There are no credits for production designer or costume designer which is fair enough because clearly nobody bothered to design the production or costumes. Despite several of the characters being police officers, none of that alleged £5,000 was spent on hiring a couple of police uniforms for a day from the local fancy dress shop to tog up a couple of extras and actually give the impression of police work. It’s very obvious that all the actors are simply wearing their own clothes (or not, in the case of the old sleeps-in-a-smile geezer).

The mostly amateur cast includes nobody you’ve ever heard of and neither Bickley nor Kumar Madhar seem to have ever done anything else. Originally running 117 minutes, the running time was cut to 94 minutes by hacking out a lot of exposition at the start. “What was originally a 20 minute investigative segment (lots of mobile phones, edgy 24-style camerawork and creepy 'trust no-one' X-Files-type glances between leads), containing five chronological scenes now exists as one five minute sequence of cross-cut scenes that effectively explain the whole plot in one short swoop” reckons the press pack. Well, apart from the fact that the phrase is ‘fell swoop’, you dingdong, I can also certify that whatever this five-minute sequence might be, it only explains the plot to people who already know it.
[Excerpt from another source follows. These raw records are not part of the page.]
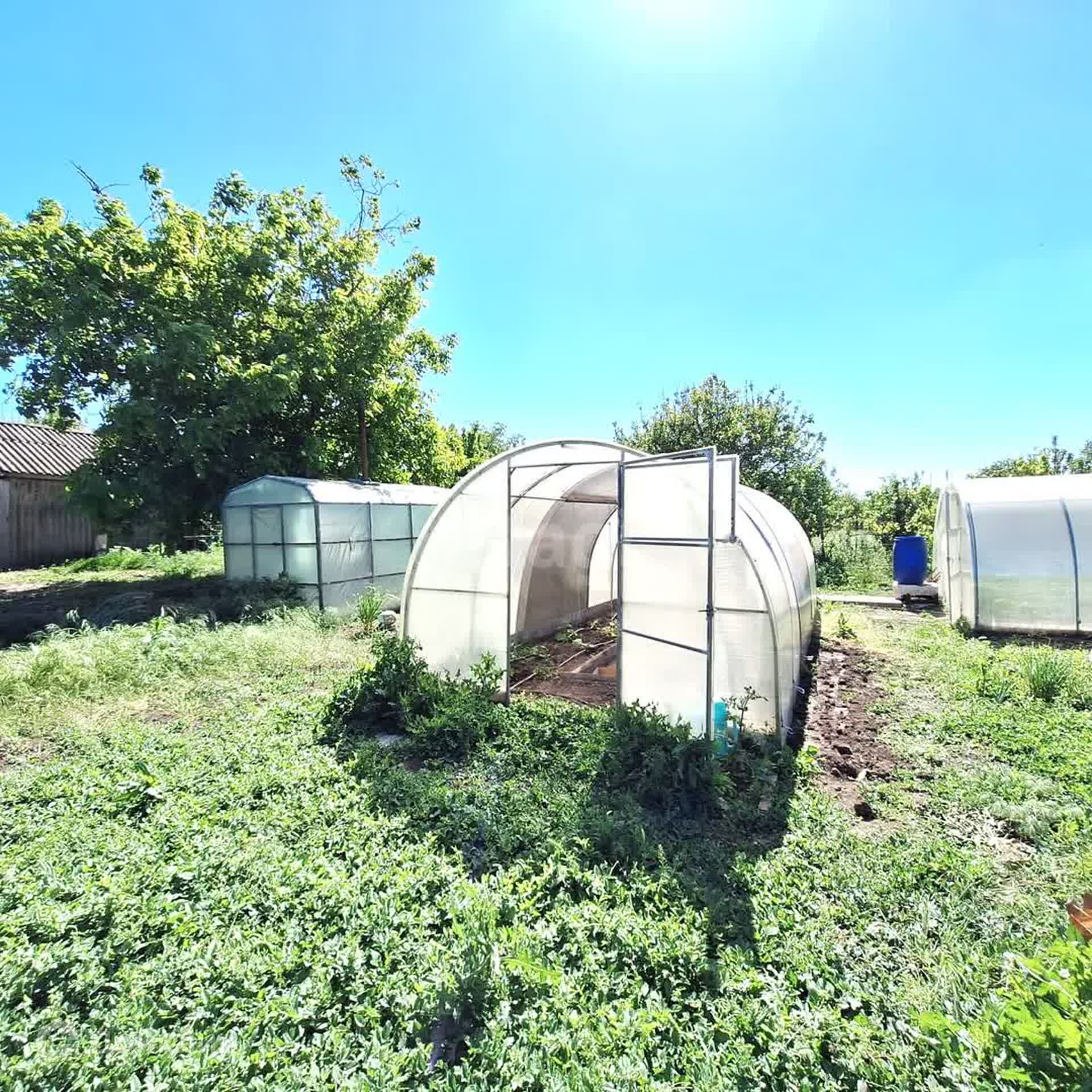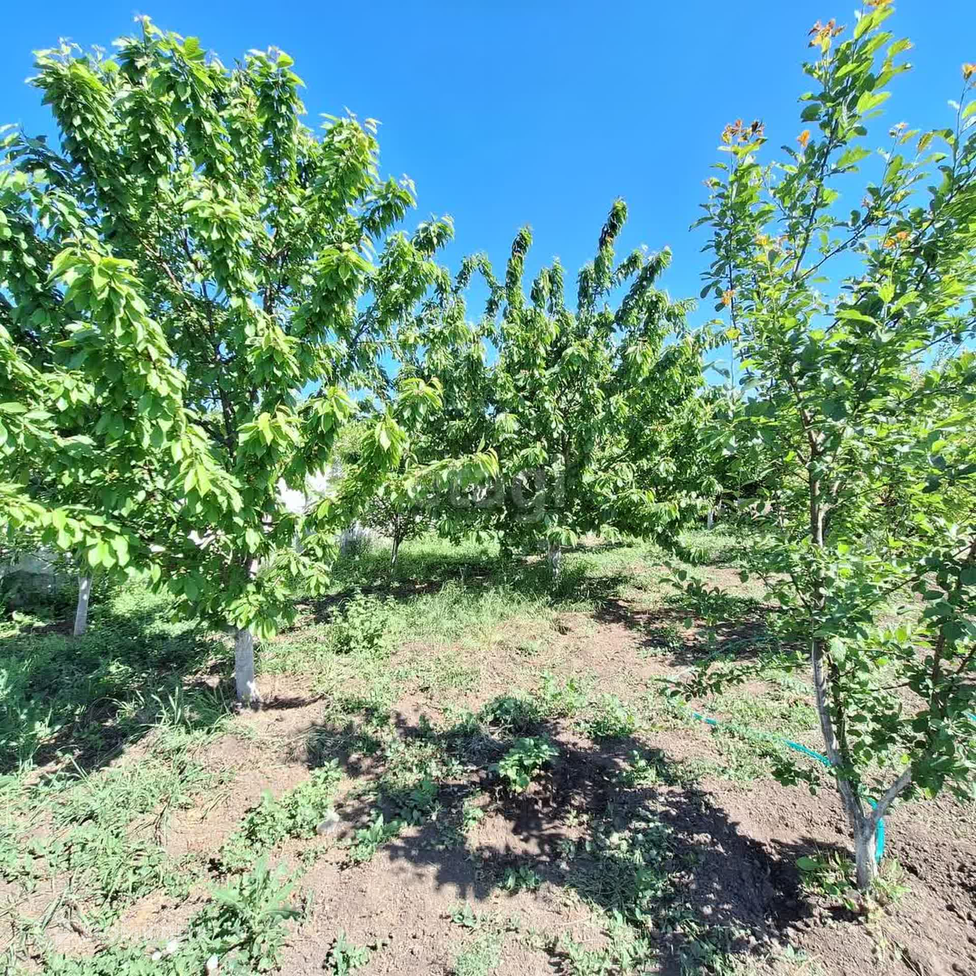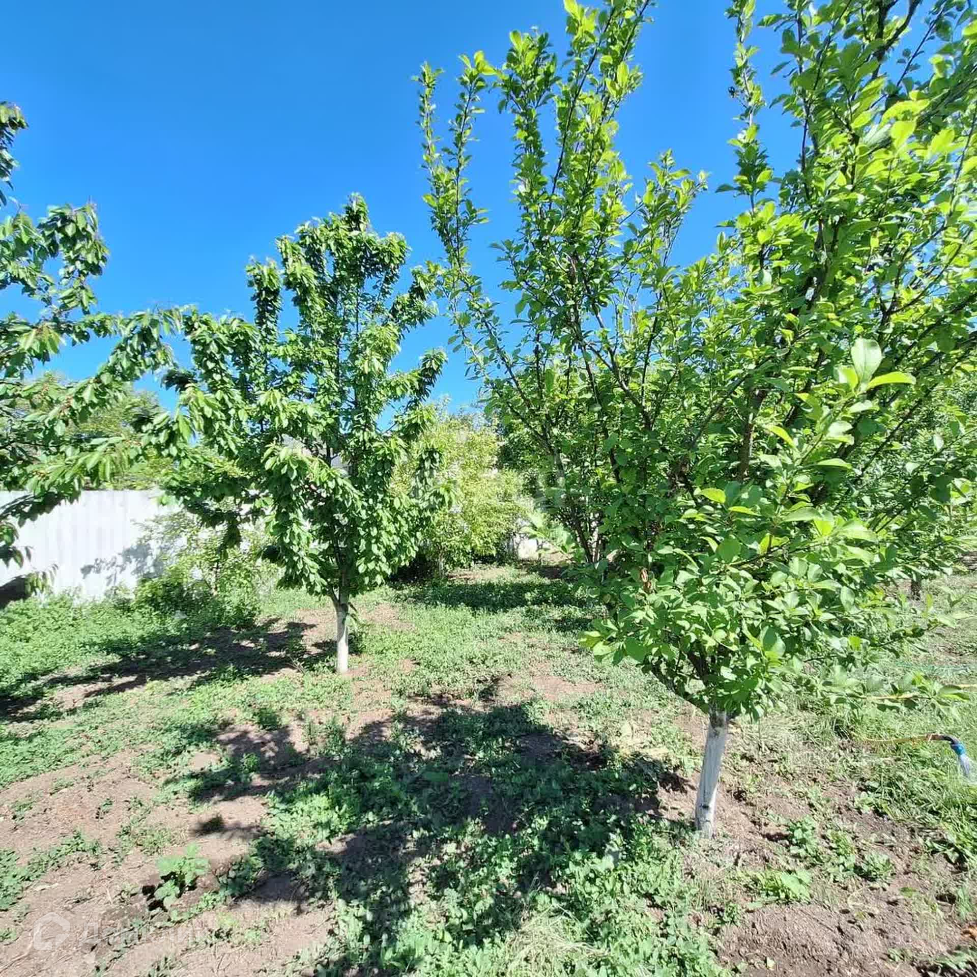 На участке шикарный молодой сад - более 30 фруктовых деревьев, 80 кустов винограда, теплицы. Имеется скважина для полива сада и огорода.
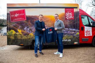 MAX HARRUS - David Bongart vom Ahrtal-Tourismus (r.) dankte Olaf Ley von Unibail-Rodamco-Westfield vor Ort im Ahrtal für die Unterstützung der We AHR open-Kampagne.
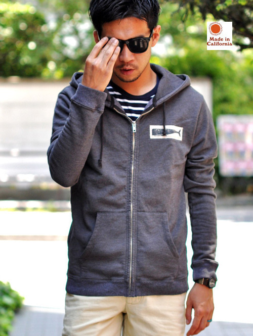 アメリカ物らしい裏起毛の、肌触り良いパーカーです。
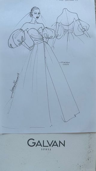 Schizzo di un abito da sposa GALVAN SPOSA. - Design con maniche a sbuffo. - Scollo a cuore. - Gonna ampia e fluida. - Dettaglio drappeggiato sul corpetto. - Include schizzo del retro.
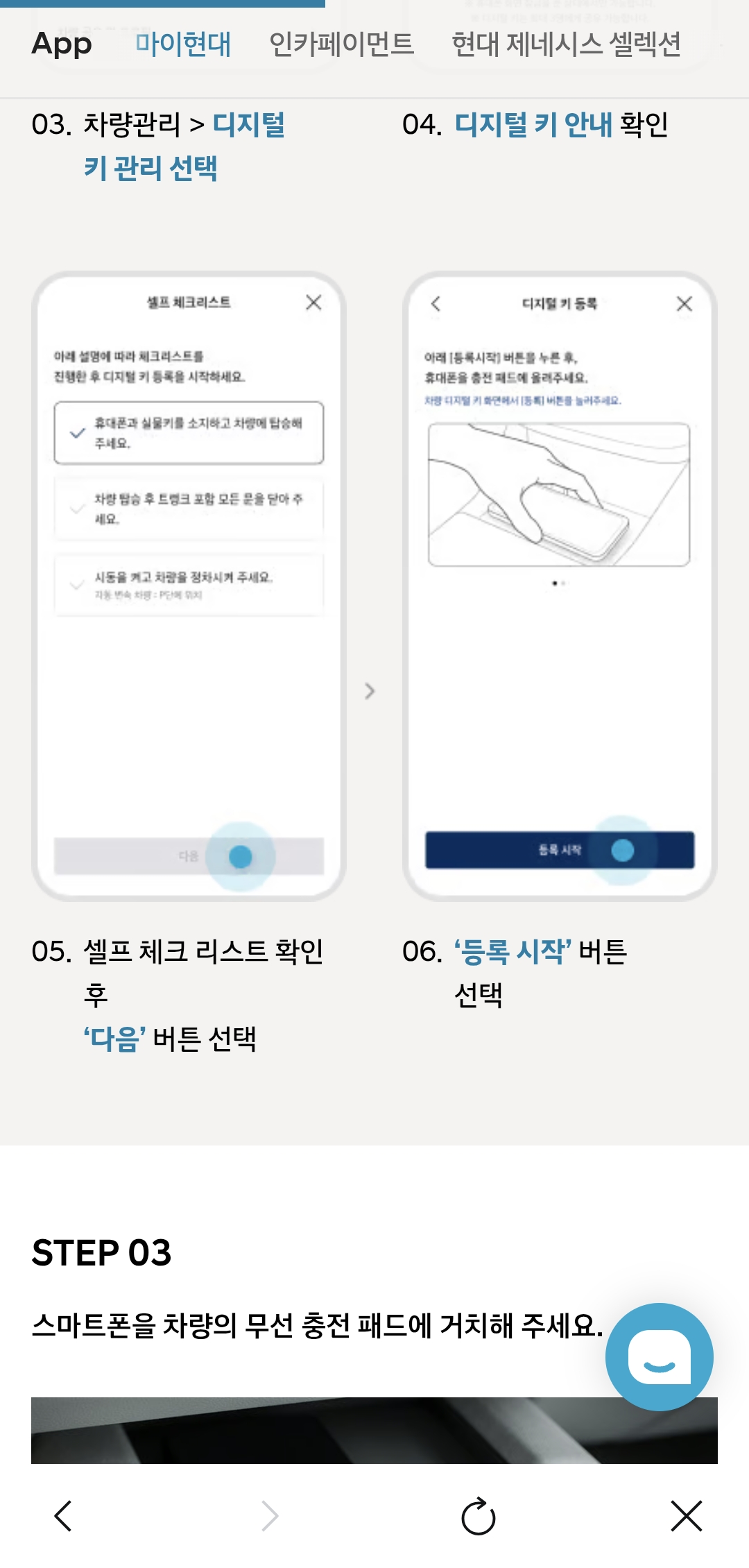 폰이 바뀌면서 기존에 사용하던 디지털 키와 폰이 달라졌다. 디지털 키는 한 대의 기기에서만 사용이 가능하다고 한다. 그래서 초기화를 먼저 해준다. 다음으로 디지털 키 등록을 진행해준다. 셀프 체크리스트가 나오는데 여기에 보면 스마트 키 2개를 모두 소지하고 차로 가야한다고 명시돼 있다. 1개만 있을 경우 오류가 난다는 후기가 있었다.

The Porcelain Man (I’m still not sure what the title means) had a single cast and crew screening in July 2004 at Warwick Arts Centre and then was sold on DVD via the website (without certificate), presumably also to the cast and crew. There were a couple of reviews (from people who could evidently get their screener disc to play) before the movie and all associated with it lapsed back into justifiable obscurity. I can’t see a special edition of this one being released any time soon, sorry.